* _What needs to be done_
Write every line below out again exactly, images omitted.

* _Data provided_

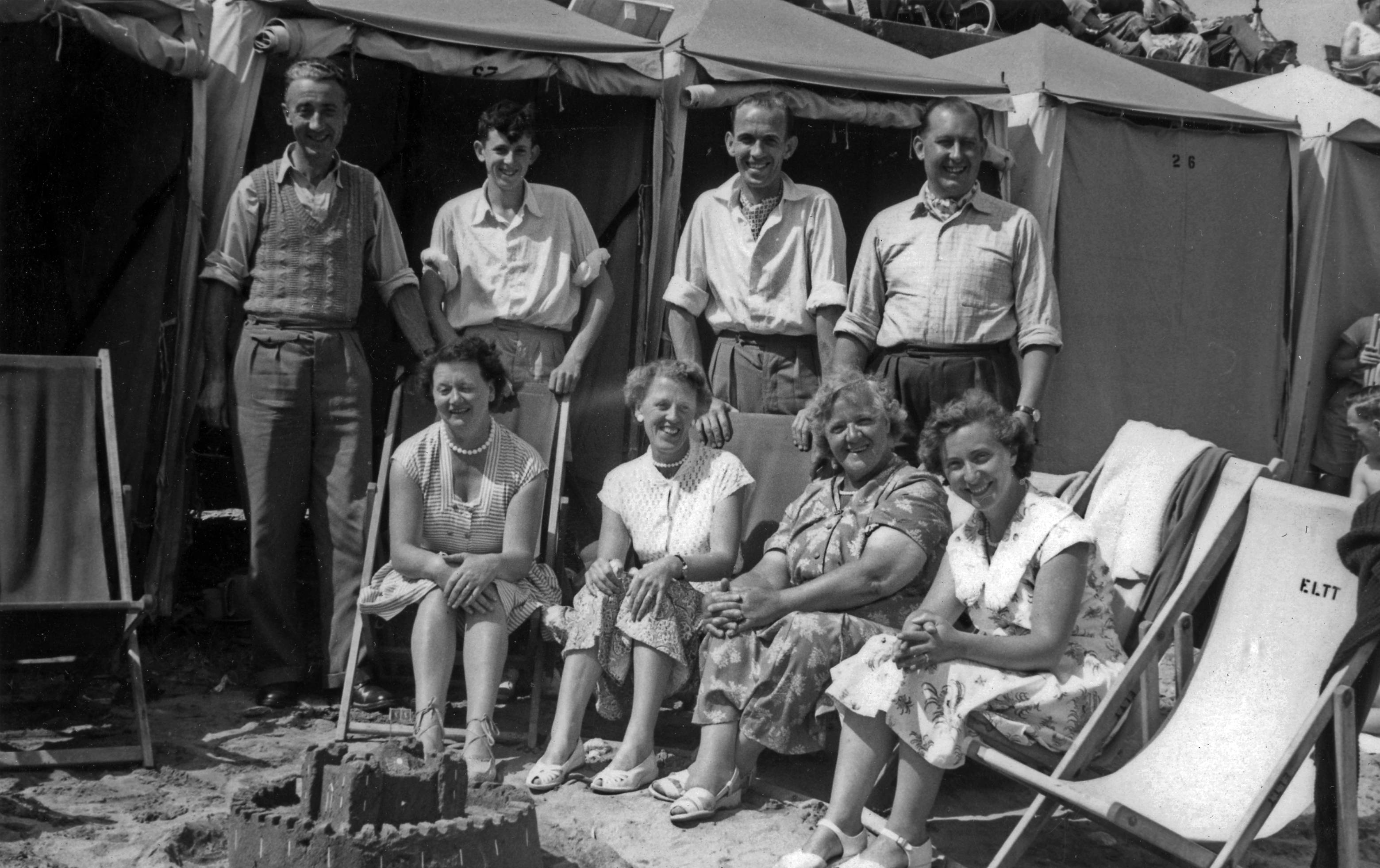 Lillian and Bernard Caswell on beach with family
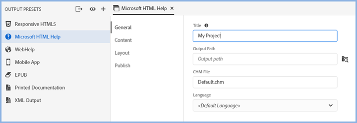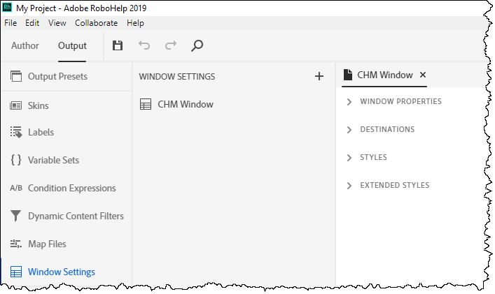 To create or edit the window for Microsoft HTML Help (CHMs), click Outputs and select Window Settings.
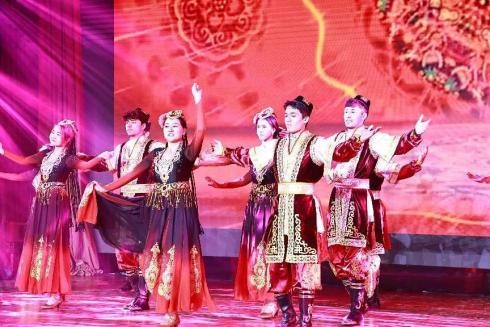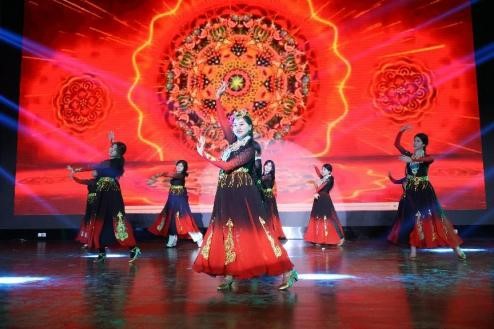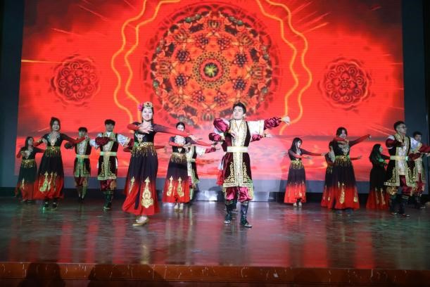 石榴花开结同心,舞者独具民族特色的服饰、盛开的裙摆彰显着中华民族的绚丽文化与团结富强。

* _Solution to the problem_
 Lillian and Bernard Caswell on beach with family
 To create or edit the window for Microsoft HTML Help (CHMs), click Outputs and select Window Settings.
 石榴花开结同心,舞者独具民族特色的服饰、盛开的裙摆彰显着中华民族的绚丽文化与团结富强。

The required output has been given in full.